Activity: With the images set aside, retype every record below character for character.

(Source records)
────────────────────
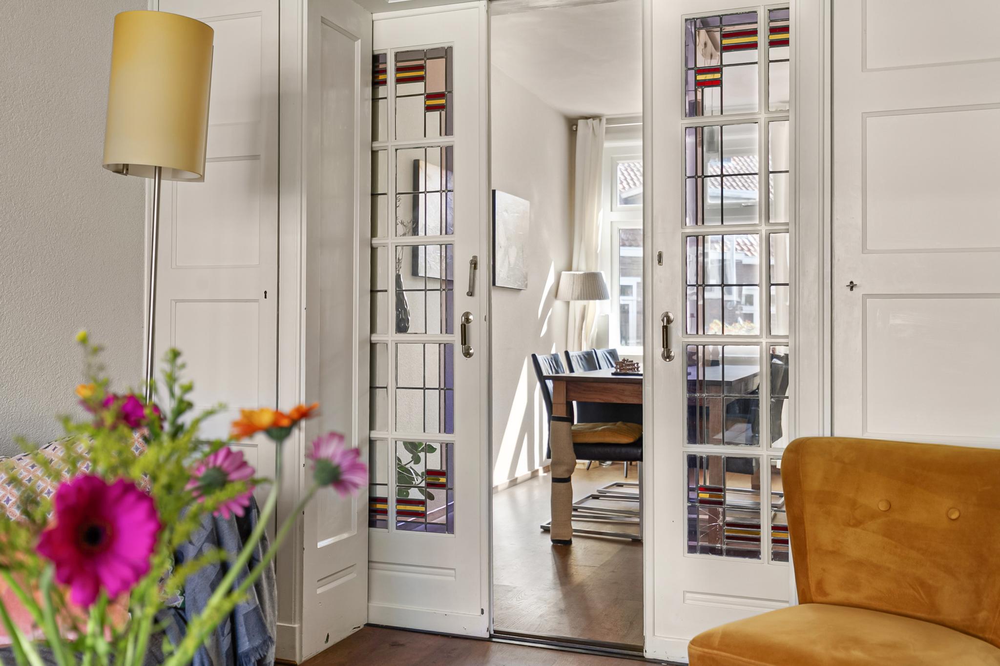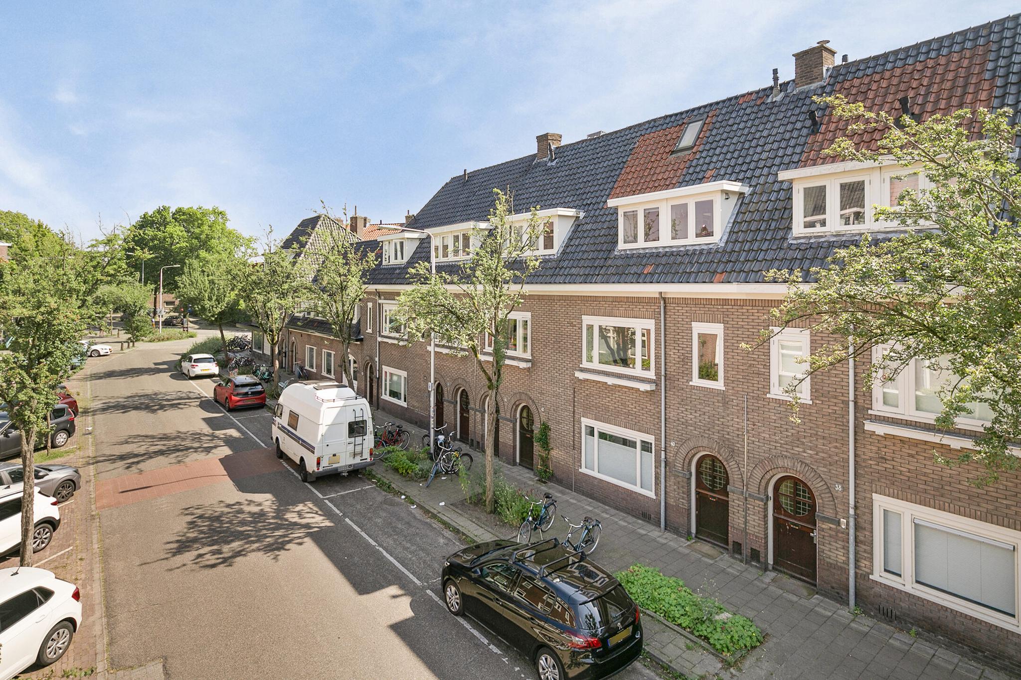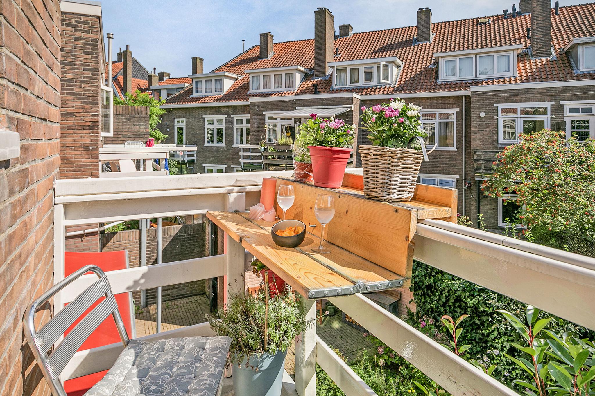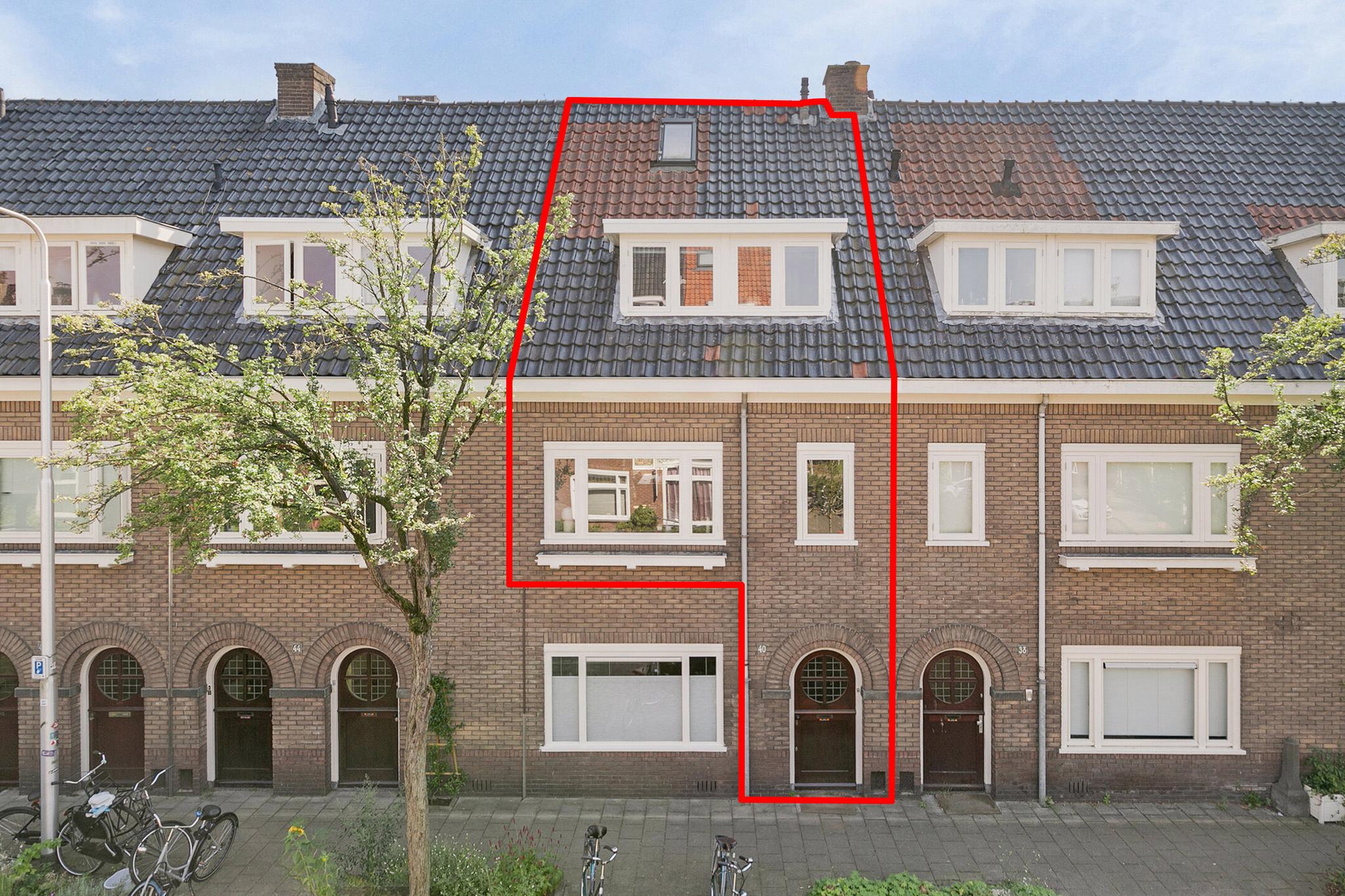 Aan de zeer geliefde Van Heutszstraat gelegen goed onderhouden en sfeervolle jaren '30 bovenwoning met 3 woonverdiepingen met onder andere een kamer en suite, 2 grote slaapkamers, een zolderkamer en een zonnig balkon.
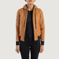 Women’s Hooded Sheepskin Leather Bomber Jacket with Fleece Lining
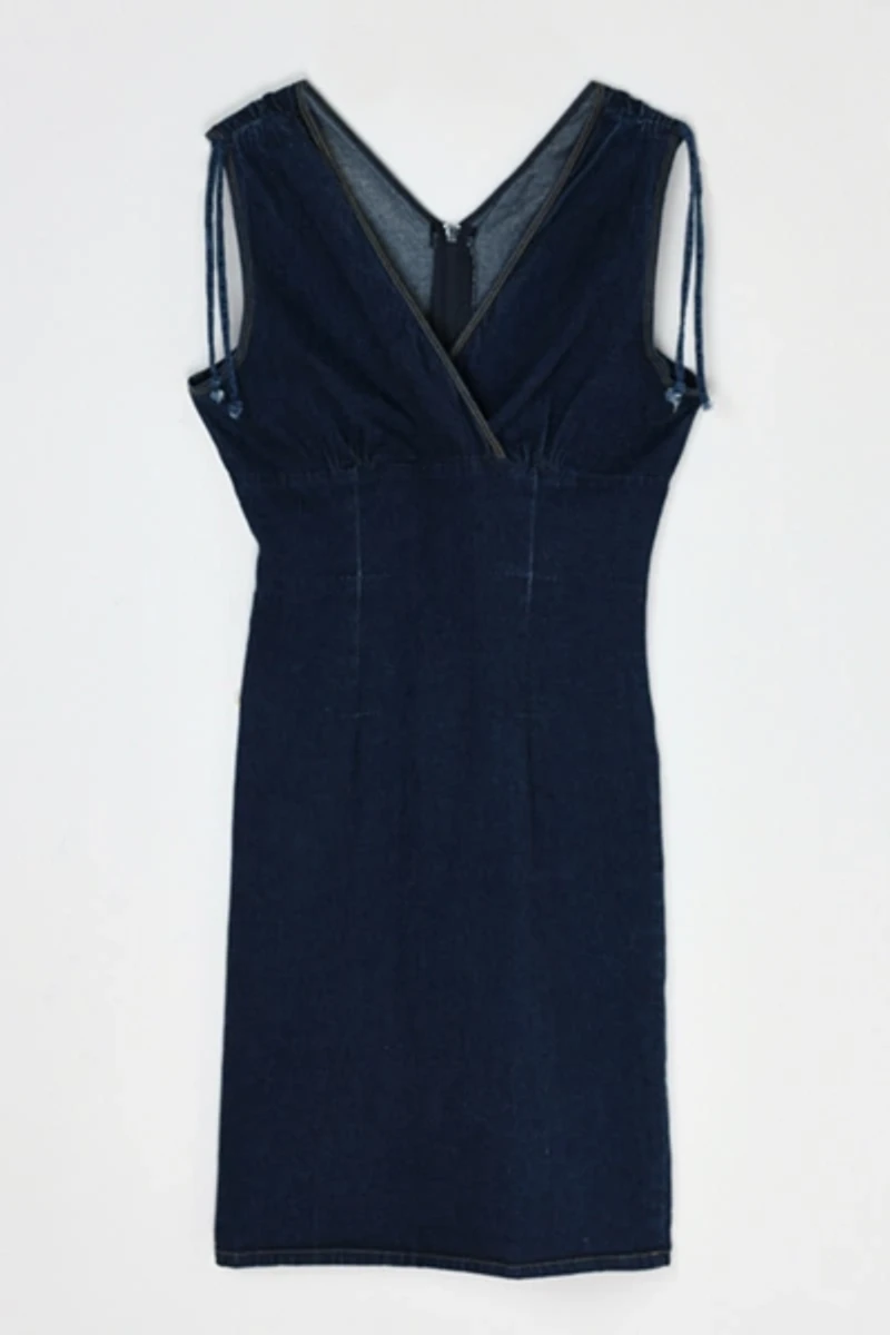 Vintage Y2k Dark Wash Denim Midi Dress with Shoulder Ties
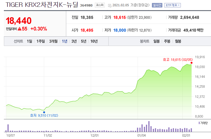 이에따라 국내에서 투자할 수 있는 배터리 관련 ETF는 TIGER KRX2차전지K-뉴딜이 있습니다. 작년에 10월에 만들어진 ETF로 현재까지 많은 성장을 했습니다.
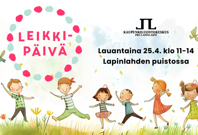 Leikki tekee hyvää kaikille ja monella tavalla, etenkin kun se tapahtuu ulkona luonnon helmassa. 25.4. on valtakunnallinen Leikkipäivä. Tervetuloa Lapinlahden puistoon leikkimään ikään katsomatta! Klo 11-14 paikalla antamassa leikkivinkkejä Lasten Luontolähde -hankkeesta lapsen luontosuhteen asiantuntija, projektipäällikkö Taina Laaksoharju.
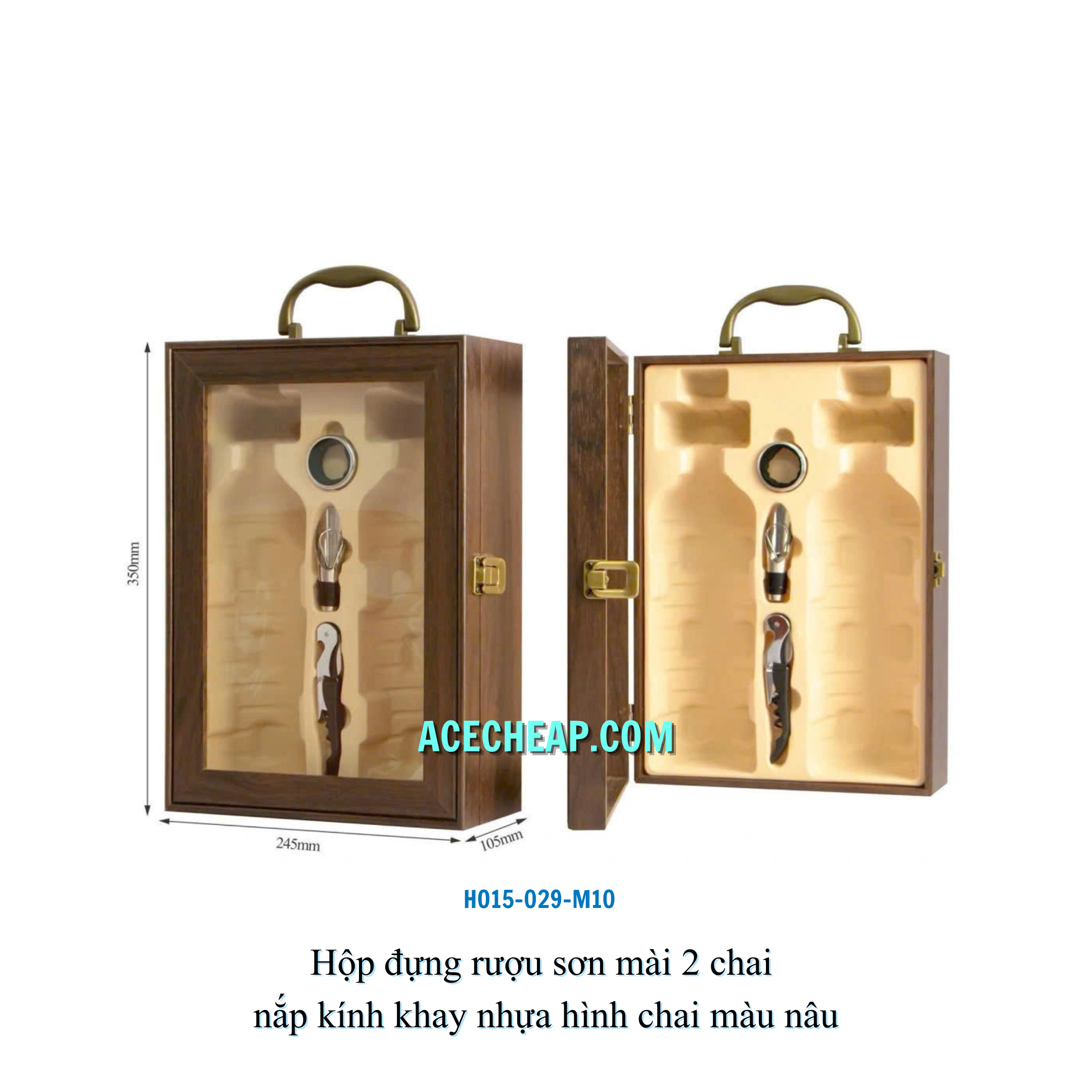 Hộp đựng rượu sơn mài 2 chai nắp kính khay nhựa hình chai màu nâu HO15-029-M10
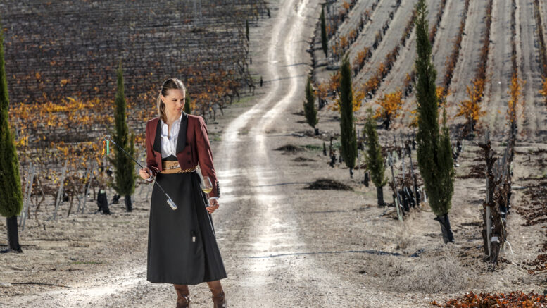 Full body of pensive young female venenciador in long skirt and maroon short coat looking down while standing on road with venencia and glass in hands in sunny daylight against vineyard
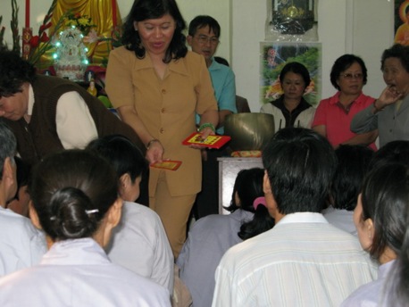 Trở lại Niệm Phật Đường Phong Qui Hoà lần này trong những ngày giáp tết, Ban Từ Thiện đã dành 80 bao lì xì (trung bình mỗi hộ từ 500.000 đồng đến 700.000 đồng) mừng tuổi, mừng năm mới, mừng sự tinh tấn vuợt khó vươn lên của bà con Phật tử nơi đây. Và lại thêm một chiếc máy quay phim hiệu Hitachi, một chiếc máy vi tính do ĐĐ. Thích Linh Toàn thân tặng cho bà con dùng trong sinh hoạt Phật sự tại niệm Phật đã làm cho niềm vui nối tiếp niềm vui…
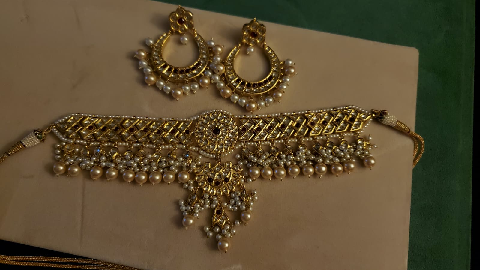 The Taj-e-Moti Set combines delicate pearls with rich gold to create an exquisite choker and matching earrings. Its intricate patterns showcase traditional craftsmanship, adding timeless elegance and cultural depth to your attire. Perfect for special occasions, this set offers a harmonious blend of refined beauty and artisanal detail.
────────────────────
Worked solution:
 Aan de zeer geliefde Van Heutszstraat gelegen goed onderhouden en sfeervolle jaren '30 bovenwoning met 3 woonverdiepingen met onder andere een kamer en suite, 2 grote slaapkamers, een zolderkamer en een zonnig balkon.
 Women’s Hooded Sheepskin Leather Bomber Jacket with Fleece Lining
 Vintage Y2k Dark Wash Denim Midi Dress with Shoulder Ties
 이에따라 국내에서 투자할 수 있는 배터리 관련 ETF는 TIGER KRX2차전지K-뉴딜이 있습니다. 작년에 10월에 만들어진 ETF로 현재까지 많은 성장을 했습니다.
 Leikki tekee hyvää kaikille ja monella tavalla, etenkin kun se tapahtuu ulkona luonnon helmassa. 25.4. on valtakunnallinen Leikkipäivä. Tervetuloa Lapinlahden puistoon leikkimään ikään katsomatta! Klo 11-14 paikalla antamassa leikkivinkkejä Lasten Luontolähde -hankkeesta lapsen luontosuhteen asiantuntija, projektipäällikkö Taina Laaksoharju.
 Hộp đựng rượu sơn mài 2 chai nắp kính khay nhựa hình chai màu nâu HO15-029-M10
 Full body of pensive young female venenciador in long skirt and maroon short coat looking down while standing on road with venencia and glass in hands in sunny daylight against vineyard
 Trở lại Niệm Phật Đường Phong Qui Hoà lần này trong những ngày giáp tết, Ban Từ Thiện đã dành 80 bao lì xì (trung bình mỗi hộ từ 500.000 đồng đến 700.000 đồng) mừng tuổi, mừng năm mới, mừng sự tinh tấn vuợt khó vươn lên của bà con Phật tử nơi đây. Và lại thêm một chiếc máy quay phim hiệu Hitachi, một chiếc máy vi tính do ĐĐ. Thích Linh Toàn thân tặng cho bà con dùng trong sinh hoạt Phật sự tại niệm Phật đã làm cho niềm vui nối tiếp niềm vui…
 The Taj-e-Moti Set combines delicate pearls with rich gold to create an exquisite choker and matching earrings. Its intricate patterns showcase traditional craftsmanship, adding timeless elegance and cultural depth to your attire. Perfect for special occasions, this set offers a harmonious blend of refined beauty and artisanal detail.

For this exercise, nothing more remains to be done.